Beginning at whichever line contains "FOLD DOWN POLE BESTICKS", reproduce each line of the records below word for word, ending with the last, and add nothing.

Given data:
*-*-*
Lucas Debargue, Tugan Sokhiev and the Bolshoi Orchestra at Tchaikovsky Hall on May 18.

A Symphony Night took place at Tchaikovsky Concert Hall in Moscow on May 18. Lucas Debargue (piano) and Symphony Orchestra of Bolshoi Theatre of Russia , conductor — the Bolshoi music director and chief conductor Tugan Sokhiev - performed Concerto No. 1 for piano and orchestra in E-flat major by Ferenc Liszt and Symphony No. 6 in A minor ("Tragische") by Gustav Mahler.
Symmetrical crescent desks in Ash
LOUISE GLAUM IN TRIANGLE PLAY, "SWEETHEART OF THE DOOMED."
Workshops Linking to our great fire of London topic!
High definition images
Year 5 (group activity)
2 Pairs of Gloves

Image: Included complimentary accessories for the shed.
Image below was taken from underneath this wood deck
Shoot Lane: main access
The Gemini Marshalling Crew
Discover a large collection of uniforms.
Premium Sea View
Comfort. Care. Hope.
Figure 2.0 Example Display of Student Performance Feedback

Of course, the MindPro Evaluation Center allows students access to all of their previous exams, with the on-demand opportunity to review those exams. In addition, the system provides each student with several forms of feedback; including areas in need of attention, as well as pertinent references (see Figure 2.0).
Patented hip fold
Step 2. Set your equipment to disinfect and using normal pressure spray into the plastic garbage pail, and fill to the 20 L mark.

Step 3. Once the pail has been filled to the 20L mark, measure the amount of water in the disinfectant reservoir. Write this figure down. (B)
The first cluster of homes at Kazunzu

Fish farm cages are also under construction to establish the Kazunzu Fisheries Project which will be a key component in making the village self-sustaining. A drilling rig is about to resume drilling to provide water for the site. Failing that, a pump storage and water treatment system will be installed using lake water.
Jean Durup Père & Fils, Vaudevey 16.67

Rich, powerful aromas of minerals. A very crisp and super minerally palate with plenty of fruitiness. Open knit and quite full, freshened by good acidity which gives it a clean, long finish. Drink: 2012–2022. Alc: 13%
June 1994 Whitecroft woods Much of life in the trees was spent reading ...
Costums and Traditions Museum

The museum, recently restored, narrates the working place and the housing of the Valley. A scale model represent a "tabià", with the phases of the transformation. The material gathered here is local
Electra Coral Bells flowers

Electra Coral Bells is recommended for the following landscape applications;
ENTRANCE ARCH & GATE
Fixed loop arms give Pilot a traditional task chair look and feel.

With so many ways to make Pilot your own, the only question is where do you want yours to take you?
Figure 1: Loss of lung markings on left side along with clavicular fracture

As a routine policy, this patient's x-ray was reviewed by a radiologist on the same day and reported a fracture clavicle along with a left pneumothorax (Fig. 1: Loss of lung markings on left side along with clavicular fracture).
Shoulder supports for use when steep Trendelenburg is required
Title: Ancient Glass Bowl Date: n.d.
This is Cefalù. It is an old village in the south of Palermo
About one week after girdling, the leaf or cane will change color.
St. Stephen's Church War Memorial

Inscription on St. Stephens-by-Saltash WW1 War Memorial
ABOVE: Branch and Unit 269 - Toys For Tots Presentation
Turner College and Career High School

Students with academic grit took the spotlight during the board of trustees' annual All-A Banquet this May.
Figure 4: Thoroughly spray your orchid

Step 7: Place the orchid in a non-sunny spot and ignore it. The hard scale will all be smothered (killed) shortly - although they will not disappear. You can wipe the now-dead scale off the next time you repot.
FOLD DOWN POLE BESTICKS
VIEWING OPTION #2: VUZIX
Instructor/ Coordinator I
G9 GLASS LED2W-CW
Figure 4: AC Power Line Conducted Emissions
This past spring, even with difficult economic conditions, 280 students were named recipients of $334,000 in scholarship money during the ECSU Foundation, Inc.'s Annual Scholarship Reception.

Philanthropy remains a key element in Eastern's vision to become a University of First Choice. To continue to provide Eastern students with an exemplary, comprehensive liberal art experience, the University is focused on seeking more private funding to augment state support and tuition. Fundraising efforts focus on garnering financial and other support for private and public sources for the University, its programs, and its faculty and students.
*-*-*
Result of the exercise:
FOLD DOWN POLE BESTICKS
VIEWING OPTION #2: VUZIX
Instructor/ Coordinator I
G9 GLASS LED2W-CW
Figure 4: AC Power Line Conducted Emissions
This past spring, even with difficult economic conditions, 280 students were named recipients of $334,000 in scholarship money during the ECSU Foundation, Inc.'s Annual Scholarship Reception.

Philanthropy remains a key element in Eastern's vision to become a University of First Choice. To continue to provide Eastern students with an exemplary, comprehensive liberal art experience, the University is focused on seeking more private funding to augment state support and tuition. Fundraising efforts focus on garnering financial and other support for private and public sources for the University, its programs, and its faculty and students.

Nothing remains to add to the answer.